Reference

Last updated on 2025-02-16 | Edit this page

Additional Reading


For those interested in further exploring genome assembly and bioinformatics, here are some recommended resources:

  1. Bioinformatics and Functional Genomics - Jonathan Pevsner
    A comprehensive textbook covering sequence alignment, genome assembly, and functional genomics. Suitable for both beginners and advanced learners.

  2. Ten Steps to Get Started in Genome Assembly and Annotation - Keith Bradnam & Ian Korf
    A practical guide that provides a step-by-step approach to genome assembly and annotation, discussing essential concepts, methodologies, and tools.

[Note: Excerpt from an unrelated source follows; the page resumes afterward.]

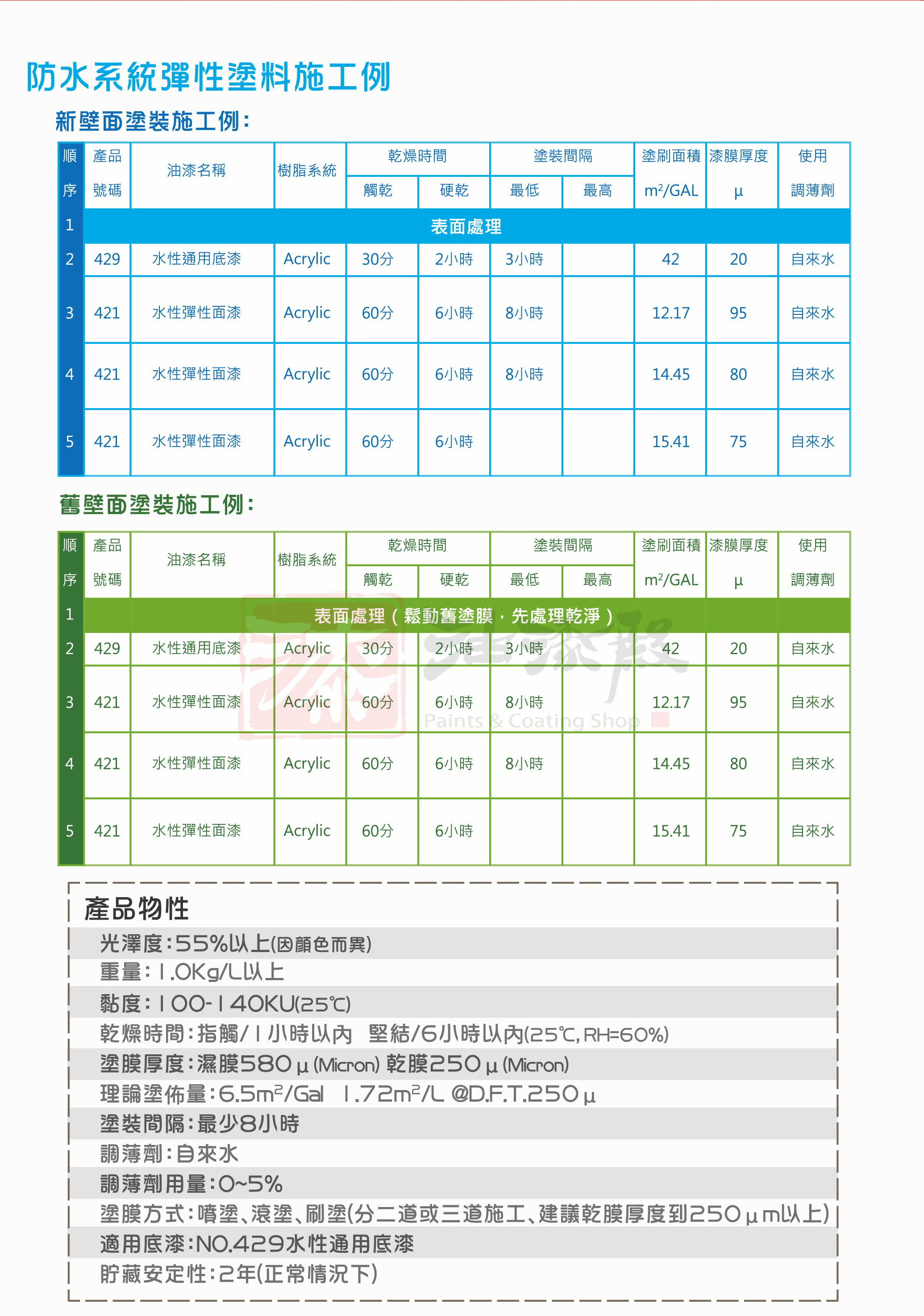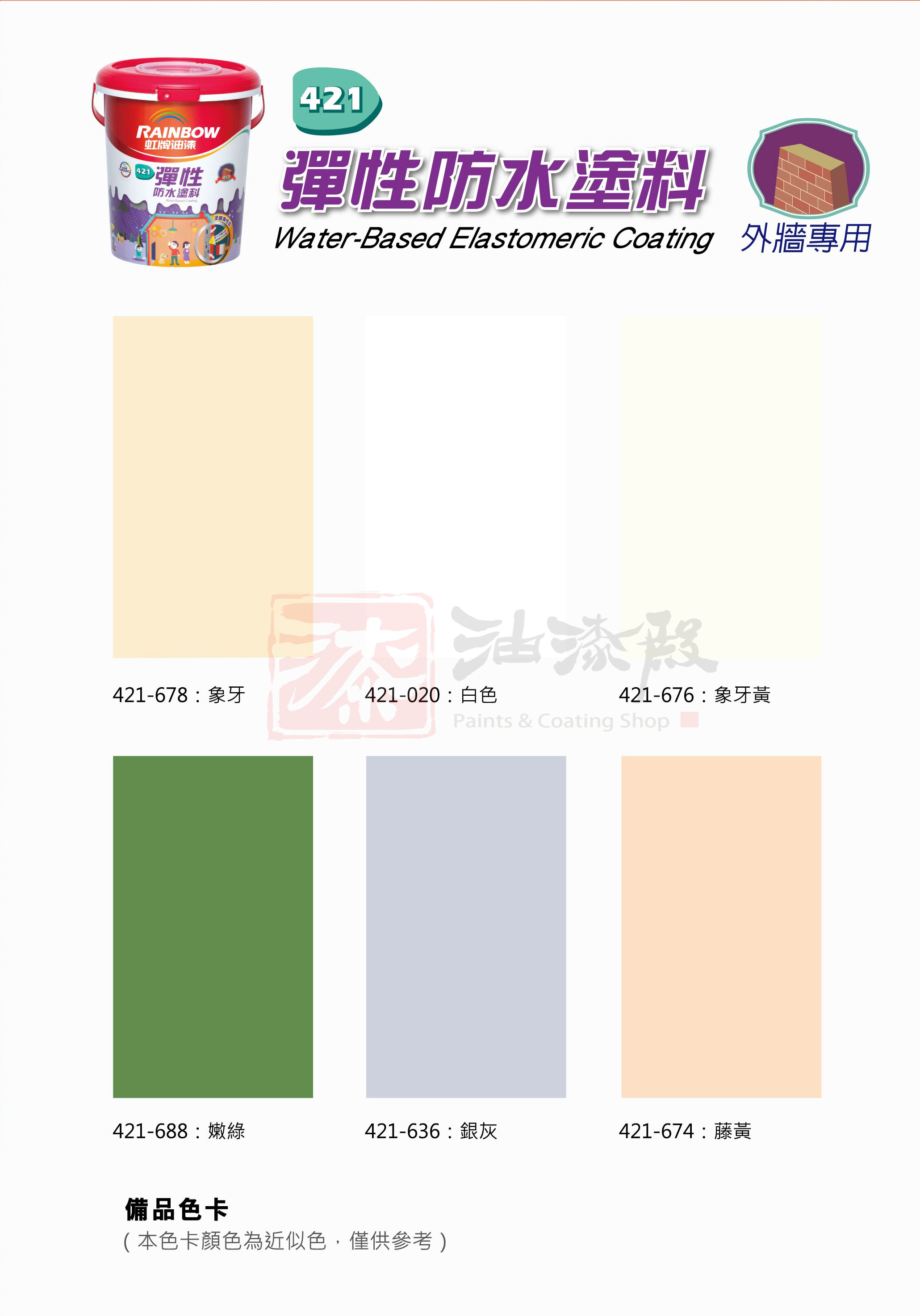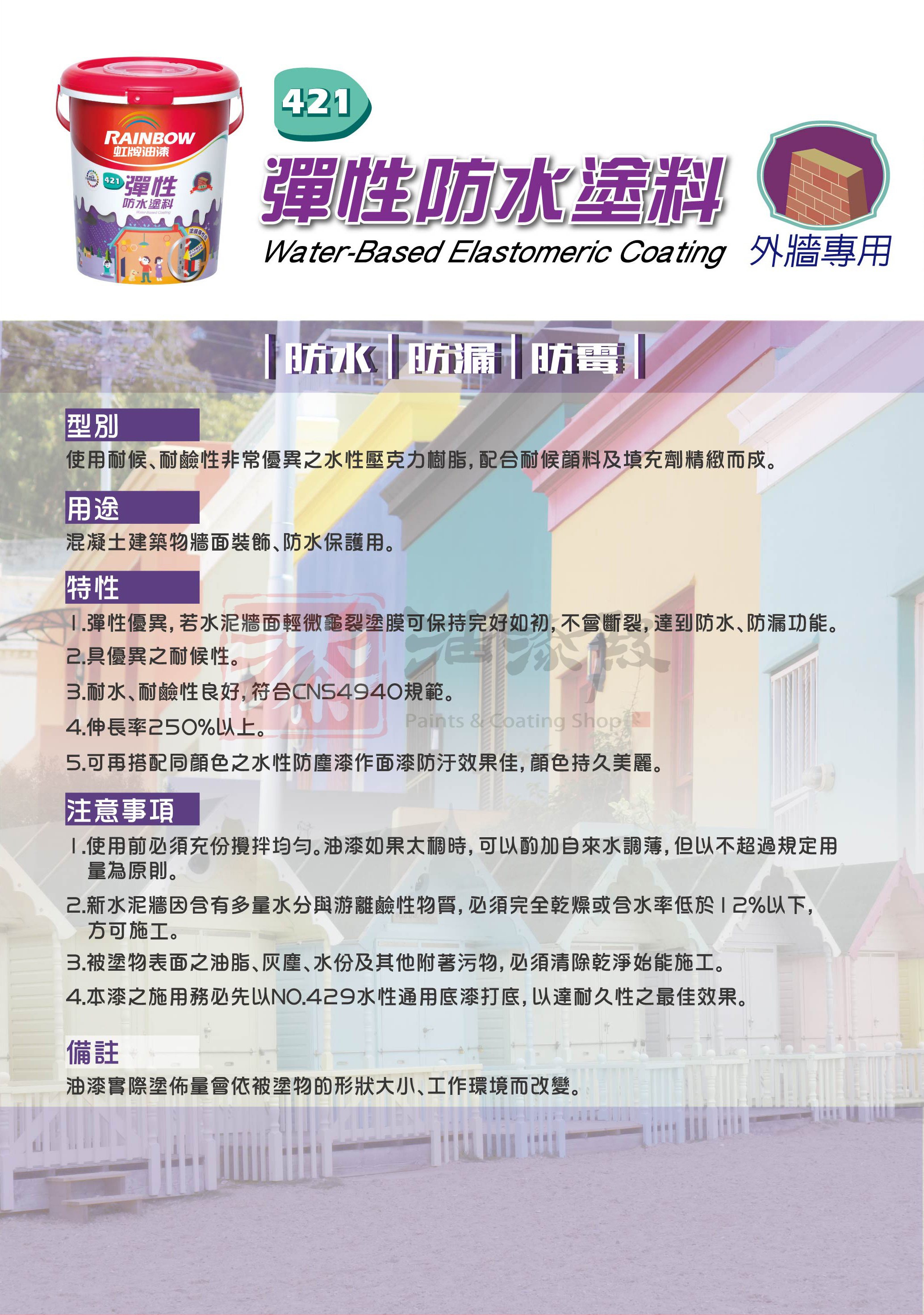 彈性優異的室外專用耐候漆,抗裂不易有裂痕。建議塗布至少2道,1加侖可塗刷4坪(刷2道的面積)。

  3. A Comprehensive Review of Scaffolding Methods in Genome Assembly - Xiang Ji et al.
    This review article explores various scaffolding techniques used in genome assembly, comparing their effectiveness and discussing associated challenges.

Glossary


assembly

The process of reconstructing a genome sequence from sequencing reads.

contig

A contiguous sequence of DNA assembled from overlapping sequencing reads.

scaffold

A larger DNA sequence constructed by linking contigs using paired-end or long-read sequencing data.

long-read sequencing

A sequencing method that generates long DNA fragments, useful for resolving complex genomic regions.

short-read sequencing

A sequencing method that generates short DNA fragments, commonly used for high-accuracy genome sequencing.

PacBio

A long-read sequencing technology developed by Pacific Biosciences, known for high-accuracy HiFi reads.

Oxford Nanopore

A sequencing technology that uses nanopores to read DNA bases in real time, providing long reads with flexible throughput.

Illumina

A short-read sequencing technology known for high accuracy and low cost, widely used in genomics.

hybrid assembly

A genome assembly approach that combines long and short reads to improve contiguity and accuracy.

N50

A metric used to assess genome assembly quality, representing the contig length at which 50% of the genome is contained in contigs of at least that length.

BUSCO

A benchmarking tool that assesses the completeness of genome assemblies based on conserved single-copy orthologs.

error correction

A preprocessing step to correct sequencing errors before assembly.

polishing

A process of refining an assembly by correcting sequencing errors using high-accuracy reads.

base calling

The computational process of determining DNA bases from raw sequencing signal data.

barcode

A short, unique DNA sequence used to differentiate samples in multiplex sequencing experiments.

de novo assembly

Genome assembly performed without the use of a reference genome.

reference genome

A curated genome sequence used as a standard for alignment and comparison.

consensus sequence

A sequence derived from multiple reads that represents the most likely correct DNA sequence.

variant calling

The identification of genetic variants such as SNPs and indels from sequencing data.

k-mer

A short, fixed-length DNA sequence used in genome assembly and error correction.

phasing

The process of resolving haplotypes in a diploid or polyploid genome.

haplotype

A set of genetic variants inherited together from a single parent.

structural variation

Genomic rearrangements such as insertions, deletions, inversions, and translocations.

optical genome mapping

A technique for creating high-resolution genome maps using fluorescently labeled DNA molecules.

Hi-C

A chromosome conformation capture technique used to improve genome scaffolding by linking distant DNA fragments.

HiFi reads

High-accuracy long reads generated by PacBio sequencing.

contiguity

The measure of how well an assembly represents long, uninterrupted sequences.

heterozygosity

The presence of different alleles at a genetic locus within a genome.

assembly graph

A graph-based representation of sequencing reads and overlaps used in genome assembly.